Polyglot meets Xperanto | Big Data Fest

PROPOSED BY GENOVEVA VARGAS SOLAR

TECHNICAL ASSISTANCE: JUAN CARLOS CASTREJÓN

Given a data collection coming from different social networks stored on NoSQL systems (Neo4J and Mongo) [possibly according to a strategy combining sharding and replication techniques], extend the UnQL pivot query language considering

Data processing operators adapted to query different data models (graph, document). Example query Neo + Mongo and what about Join, Union …
Assuming concurrent CRUD operations to the stores can you expect query results to be consistent ? How can you tag your results or implement a sharding strategy in order to determine whether results are consistent?
Querying data represented on different models: How can you exploit the structure of the different stores for expressing queries ? Provide adapted operators? Give generic operators and then rewrite queries?
Normally, Polyglot solutions tend to solve some data processing issues in the application code. This can be penalizing.
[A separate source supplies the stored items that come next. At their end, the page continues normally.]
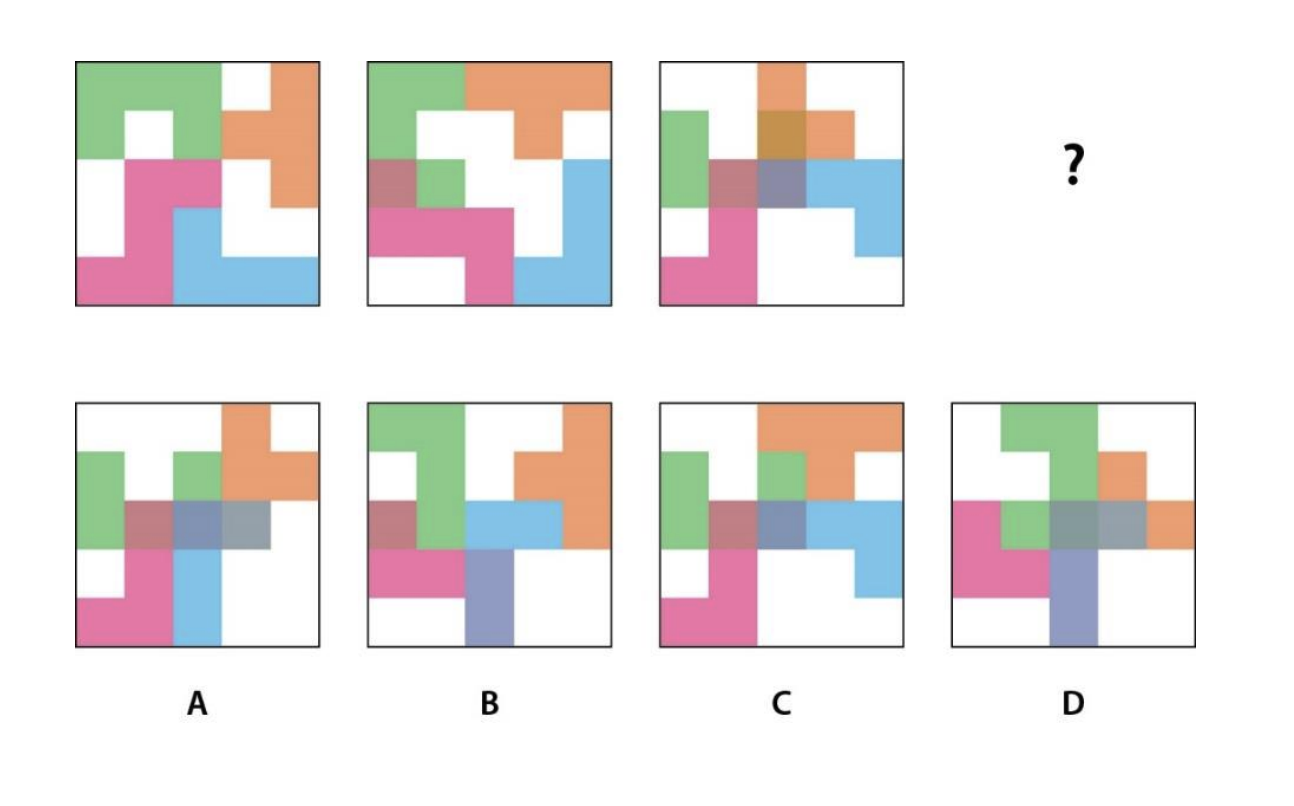 Q32.Several magnetic and non-magnetic bars of equal dimensions are glued together as shown on the left. If blue denotes magnetic north, red denotes magnetic south and grey denotes non-magnetic material, what will be the configuration of the faces on the other end?
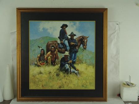 Ca. 1996, Outstanding signed limited edition (S 52/1000) full color lithograph titled "Before the Little Bighorn." Excellent condition. Double matted and framed under glass. 22" x 21" (30" x 29" framed)
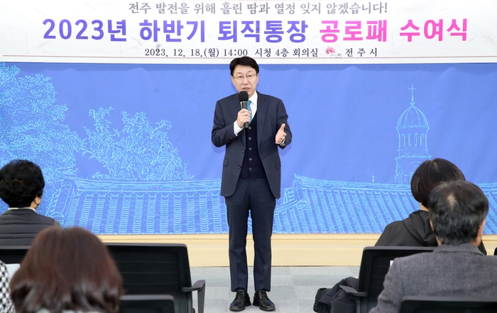 전주시는 ‘2023년 하반기 임기만료 퇴직통장 공로패 수여식’을 18일 시청회의실을 통해 지난 7월부터 12월까지 통장 임기가 만료돼 퇴직한 95명(완산구 56명, 덕진구 39명)에게 공로패를 수여했다.

Discuss the challenges to address for ensuring that your queries will be able to scale as the collection grows.

EXPECTED RESULTS

Give the principle of your proposal through a partial programming solution, of the operators of your UnQL extension, detail the query evaluation process if U want your solution to scale
We ask U to sketch the solution on the polyglot database that we provide consisting of mongo, Neo4J stores

TECHNICAL SUPPORT: AVOID STARTING FROM SCRATCH

Use our underlying part for the solution here https://github.com/jccastrejon/edbt-unql
Technical requirements: VMware player 5